On the night he returned to Paris, his friends celebrated with a restaurant dinner. Lacan and Kristeva had Big Macs and Baudrillard a Quarter Pounder. 'They fed me well on the flight,' said M. Foucault, contenting himself with a large fries and a shake. He ate without tasting, recalling a system of signs that directed traffic to its appropriate destination along gravel roads, a hegemony of sausage rolls and the Ladies' Excuse-Me.
'Look at him,' said Baudrillard, 'he's off his food.' But Baudrillard had always been envious, and the others only smiled fondly at their friend and mentor, and made mental notes to enquire later if, perhaps, there might be a professorial vacancy in the Collège de France before long.
BORGES AND I
Borges comes round with a six-pack just in time for the game. I tell him he could have got it cheaper down the road. He nods unhappily, as is his way.r />
Half-time, and the ABs have had a shocker. Borges, of course, has divided loyalties; he says he'll be happy if Argentina lose by less than twenty points, or the All Blacks win by more than fifty. I tell him I need to go for a piss. Two Exports will do that to anyone.

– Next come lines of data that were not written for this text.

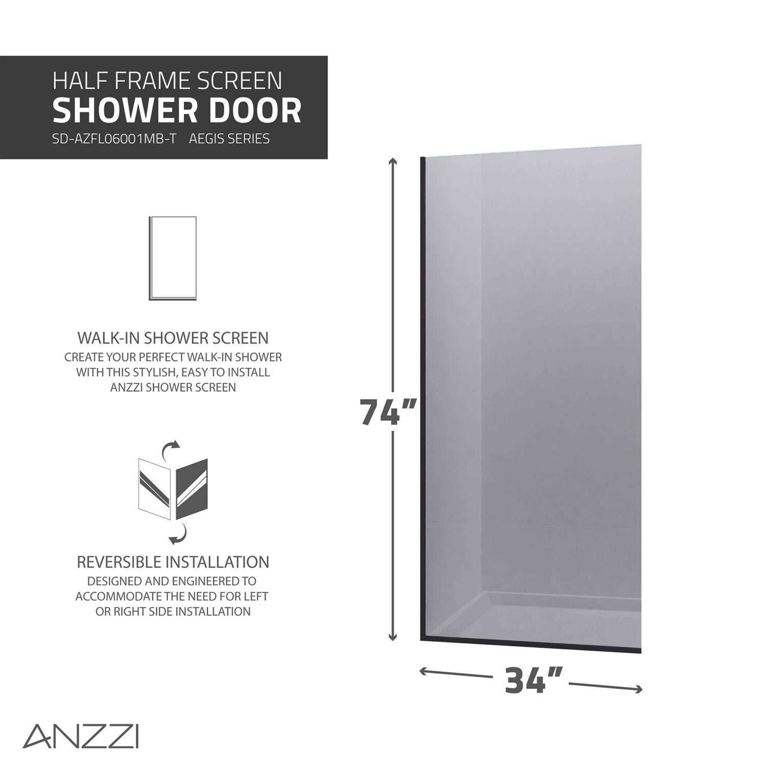 ANZZI Veil Series 74 in. by 34 in. Framed Glass Shower Screen in Matte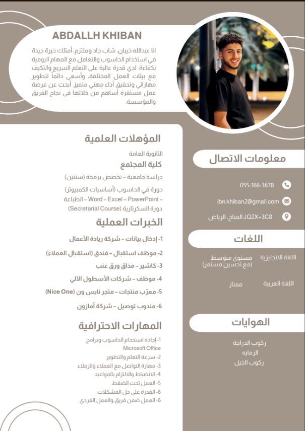 أنا عبدالله شاب طموح وابحث عن فرصة عمل في أي مجال مناسب أجيد استخدام الحاسوب وأتعلم بسرعة ولدي القدرة على العمل تحت الضغط ومع الفريق مستعد للعمل في ايت مجال (أو أي مجال آخر حسب الحاجة)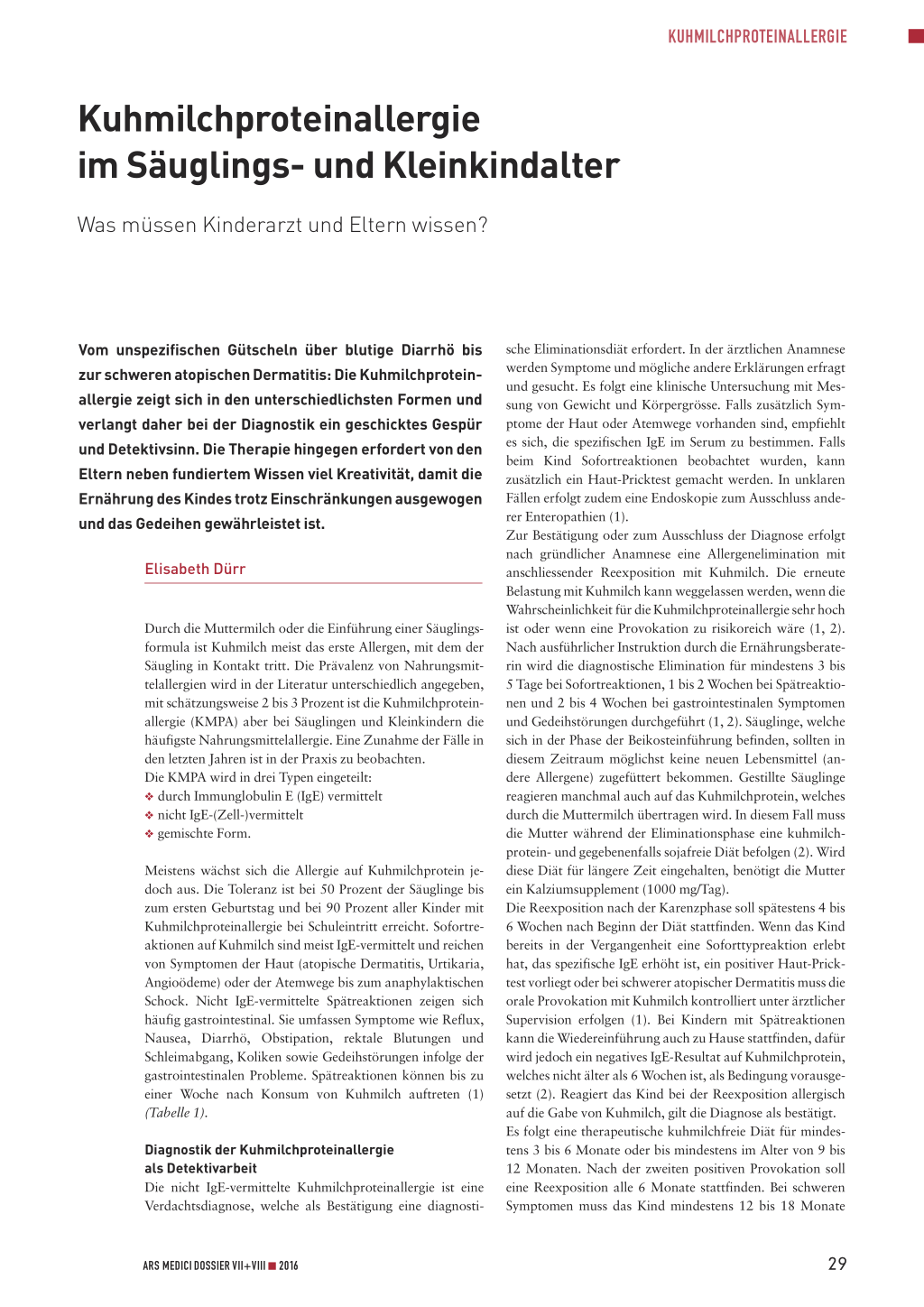 sche Eliminationsdiät erfordert. In der ärztlichen Anamnese werden Symptome und mögliche andere Erklärungen erfragt und gesucht. Es folgt eine klinische Untersuchung mit Messung von Gewicht und Körpergrösse. Falls zusätzlich Symptome der Haut oder Atemwege vorhanden sind, empfiehlt es sich, die spezifischen IgE im Serum zu bestimmen. Falls beim Kind Sofortreaktionen beobachtet wurden, kann zusätzlich ein Haut-Pricktest gemacht werden. In unklaren Fällen erfolgt zudem eine Endoskopie zum Ausschluss anderer Enteropathien (1). Zur Bestätigung oder zum Ausschluss der Diagnose erfolgt nach gründlicher Anamnese eine Allergenelimination mit anschliessender Reexposition mit Kuhmilch. Die erneute Belastung mit Kuhmilch kann weggelassen werden, wenn die Wahrscheinlichkeit für die Kuhmilchproteinallergie sehr hoch ist oder wenn eine Provokation zu risikoreich wäre (1, 2). Nach ausführlicher Instruktion durch die Ernährungsberaterin wird die diagnostische Elimination für mindestens 3 bis 5 Tage bei Sofortreaktionen, 1 bis 2 Wochen bei Spätreaktionen und 2 bis 4 Wochen bei gastrointestinalen Symptomen und Gedeihstörungen durchgeführt (1, 2). Säuglinge, welche sich in der Phase der Beikosteinführung befinden, sollten in diesem Zeitraum möglichst keine neuen Lebensmittel (andere Allergene) zugefüttert bekommen. Gestillte Säuglinge reagieren manchmal auch auf das Kuhmilchprotein, welches durch die Muttermilch übertragen wird. In diesem Fall muss die Mutter während der Eliminationsphase eine kuhmilchprotein- und gegebenenfalls sojafreie Diät befolgen (2). Wird diese Diät für längere Zeit eingehalten, benötigt die Mutter ein Kalziumsupplement (1000 mg/Tag). Die Reexposition nach der Karenzphase soll spätestens 4 bis 6 Wochen nach Beginn der Diät stattfinden. Wenn das Kind bereits in der Vergangenheit eine Soforttypreaktion erlebt hat, das spezifische IgE erhöht ist, ein positiver Haut-Pricktest vorliegt oder bei schwerer atopischer Dermatitis muss die orale Provokation mit Kuhmilch kontrolliert unter ärztlicher Supervision erfolgen (1). Bei Kindern mit Spätreaktionen kann die Wiedereinführung auch zu Hause stattfinden, dafür wird jedoch ein negatives IgE-Resultat auf Kuhmilchprotein, welches nicht älter als 6 Wochen ist, als Bedingung vorausgesetzt (2). Reagiert das Kind bei der Reexposition allergisch auf die Gabe von Kuhmilch, gilt die Diagnose als bestätigt. Es folgt eine therapeutische kuhmilchfreie Diät für mindestens 3 bis 6 Monate oder bis mindestens im Alter von 9 bis 12 Monaten. Nach der zweiten positiven Provokation soll eine Reexposition alle 6 Monate stattfinden. Bei schweren Symptomen muss das Kind mindestens 12 bis 18 Monate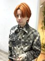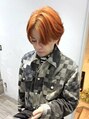 カットは目の横に毛束が落ちる絶妙な位置に調整し、ウェイト位置(バックの膨らみ)を高めの位置に設定し軽く。えりあしは長めに残してメリハリを最大限に効かせた最旬ウルフです!1ブリーチで6オレンジをオン。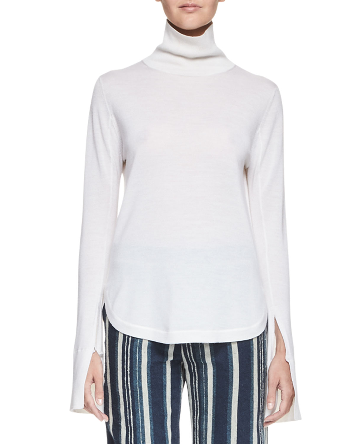 Chloé Silk Turtleneck Top w/Slit Bell Sleeves, Ivory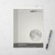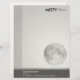 Um moderno diretor de cartas de negócios com um motivo de lua. O rodapé que está coberto com uma banda mais leve é de 1,5 pol e contém detalhes de endereço e contato telefônico. Os detalhes da Web e do e-mail estão na borda mais clara à direita A margem sombreada à esquerda tem 1,37 pol de largura. Como as margens na maioria dos processadores de texto padrão são 1,5 pol, isso deve fornecer um deslocamento de 1/8 pol quando você digita uma letra usando padrões.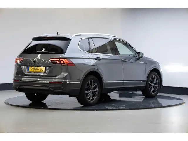 Een Duitse auto. Altijd grondig in techniek, prestaties en klasse. Volkswagen-rijders weten het: een VW is gebouwd voor duurzaamheid en deze Tiguan Allspace ziet er dan ook uit als nieuw. De benzinemotor van deze Volkswagen is niet alleen zuinig, maar ook bijzonder prestatiegericht. Deze Volkswagen Tiguan Allspace legt bestuurder én bijrijder compleet in de watten. De verwarmbare voorstoelen zijn voorzien van massagefunctie. Ontspannen rijden begint met de juiste zit. Daar zorgen de comfortstoelen wel voor. De achterklep opent automatisch met een druk op de knop. Handig als je met volle handen staat. Als je de stuurverwarming inschakelt, geniet jij van weldadige warmte voor jouw handen en vingers. Bij de uitrusting van deze auto horen onder meer 18 inch lichtmetalen velgen, LED koplampen, geluidsisolerende ramen, in delen neerklapbare achterbank, LED-achterlichten en verstelbare lendensteunen.Met het digitale dashboard kan je de cockpit-interface naar jouw voorkeur instellen. Twijfelen hoeveel ruimte je achter de auto hebt? Met de achteruitrijcamera weet je altijd hoeveel centimeter! Met adaptive cruise control houdt de auto zelfstandig afstand tot jouw voorligger. Een veiligheidsverhogende optie waarmee je comfortabel onderweg bent. De jeugd is niet los te maken van hun smartphone, en dat zie je ook aan deze jonge auto. Via een speciale app sta je overal en altijd in contact met je vierwieler. Superhandig! Je bedient het navigatiesysteem en het audio-installatiesysteem met DAB-radio via knoppen op het stuur. Zo kun jij steeds jouw aandacht gericht houden op de weg. Ook automatische airconditioning, draadloos opladen, regensensor, automatisch dimmende binnenspiegel, boordcomputer en lederen versnellingspook horen tot de voorzieningen op deze auto.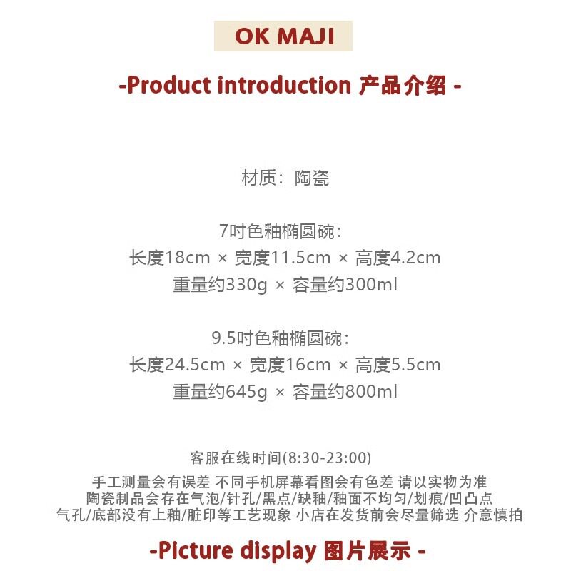 | Color | 7inch oval baked bowl-milk green,9.5inch oval baked bowl-milk white,9.5inch oval baked bowl-milk green |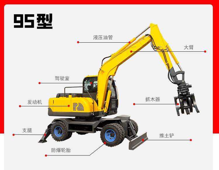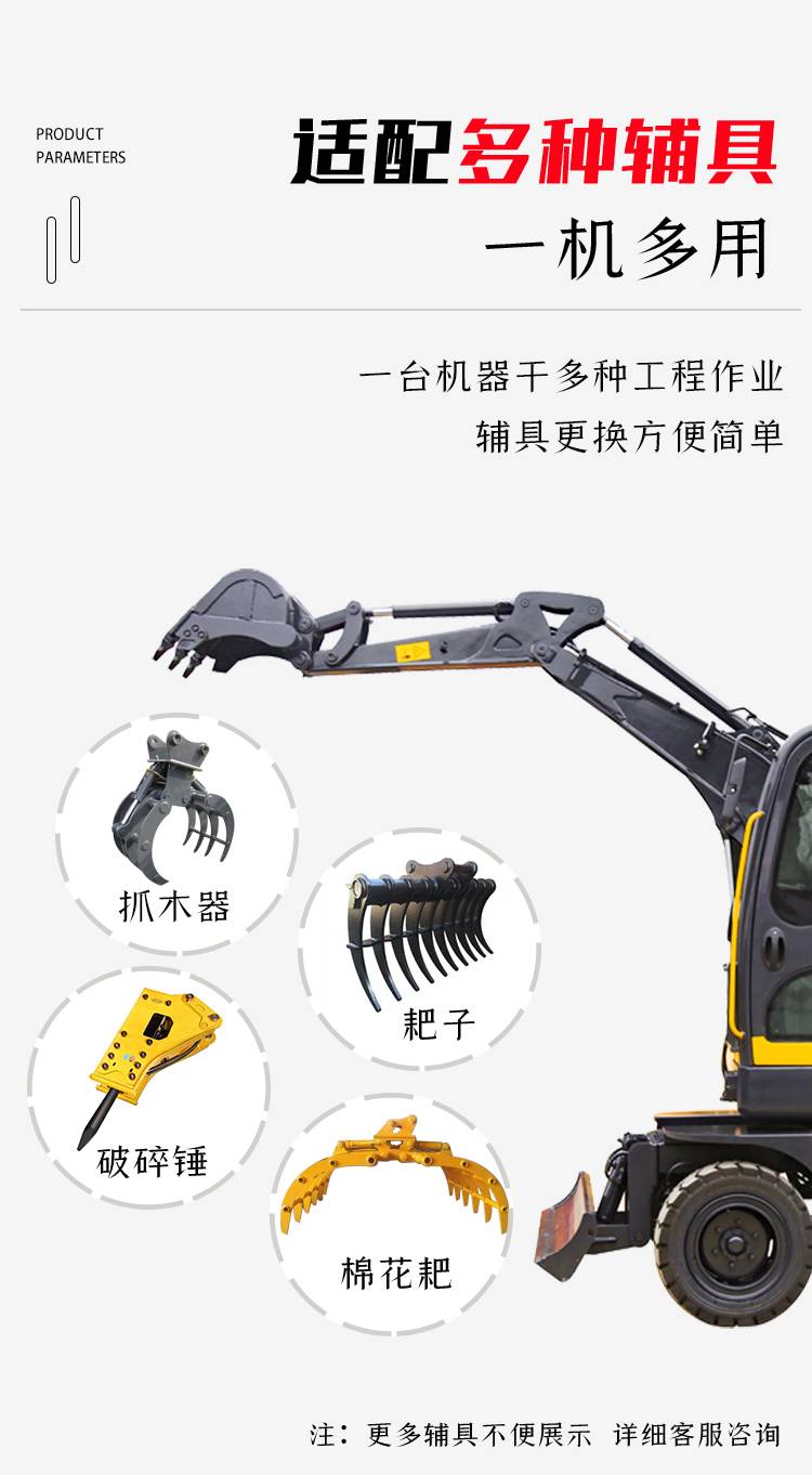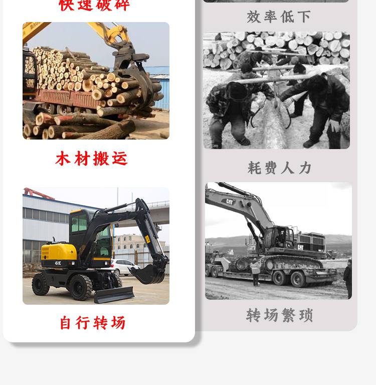 山地轮式挖掘机 农业果园挖掘抓木搬运机 多功能推土机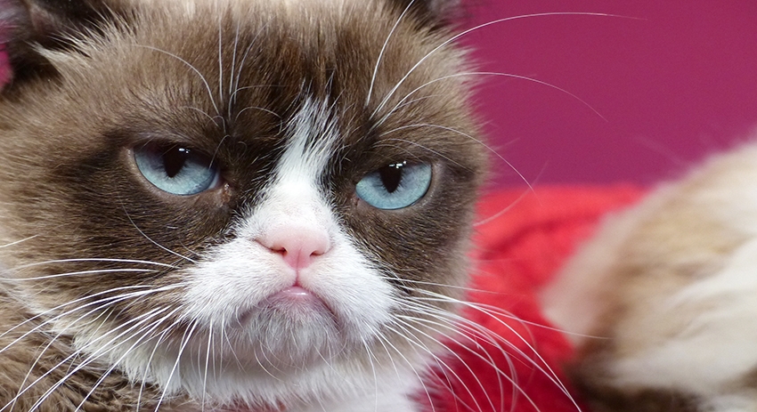 Его зовут Сердитый Кот (Grumpy Cat). Его настоящее имя — Соус Тардар (Tardar Sauce). Он кот, и при этом нереально крут: на его страницу в Facebook подписаны миллионы. Своей популярностью Сердитый Кот обязан трагической внешности: он очень маленький, углы его рта опущены вниз, и поэтому кажется, что он скорбит, взгляд у него печальный и усталый. Это связано с врождённой карликовостью и неправильным прикусом, но со стороны Сердитый Кот крайне забавен. В сентябре 2012 года его хозяйка, Табата Бундесен, разместила фотографию питомца на сайте Reddit — и Сердитый Кот взлетел, как Бузова.

When I get back, Borges is making himself a coffee. Is it possible, he asks me, that Amphixion of Thebes was thinking of rugby when he wrote that each game played by men is one moment of the game played by the gods?
I tell him he'd better get back to the couch if he wants to see the second half, and besides, only woofters drink coffee at half-time.
The All Blacks win 42–17. Sevens against Thebes? It's possible.
Borges and I go out for a few quiets. I meet him after work in a bar favoured by web developers and business analysts. We sit and watch a small subset of the world go by.
Borges looks glum. 'Bad day in the stacks?' I ask. He nods, says nothing, swallows another mouthful of beer.
I nudge him. 'Look, over there. I happen to know those women are studying to be librarians. Go and dazzle them with your learning. That's what it's for, man!'
He surprises me by draining his glass and walking right up to them. Asks them a question; they look surprised, but make room for him. He turns and waves me over.
'This is Brian,' he says. 'He's something in computers.'
Borges talks to the dark one, I talk to the fair. She's a bit serious for me. Nothing doing there, but Borges and Krystal are getting on like a house on fire — so well that I say my goodbyes and walk home under the indifferent dome of eternity. Borges, eh? You never would have thought it.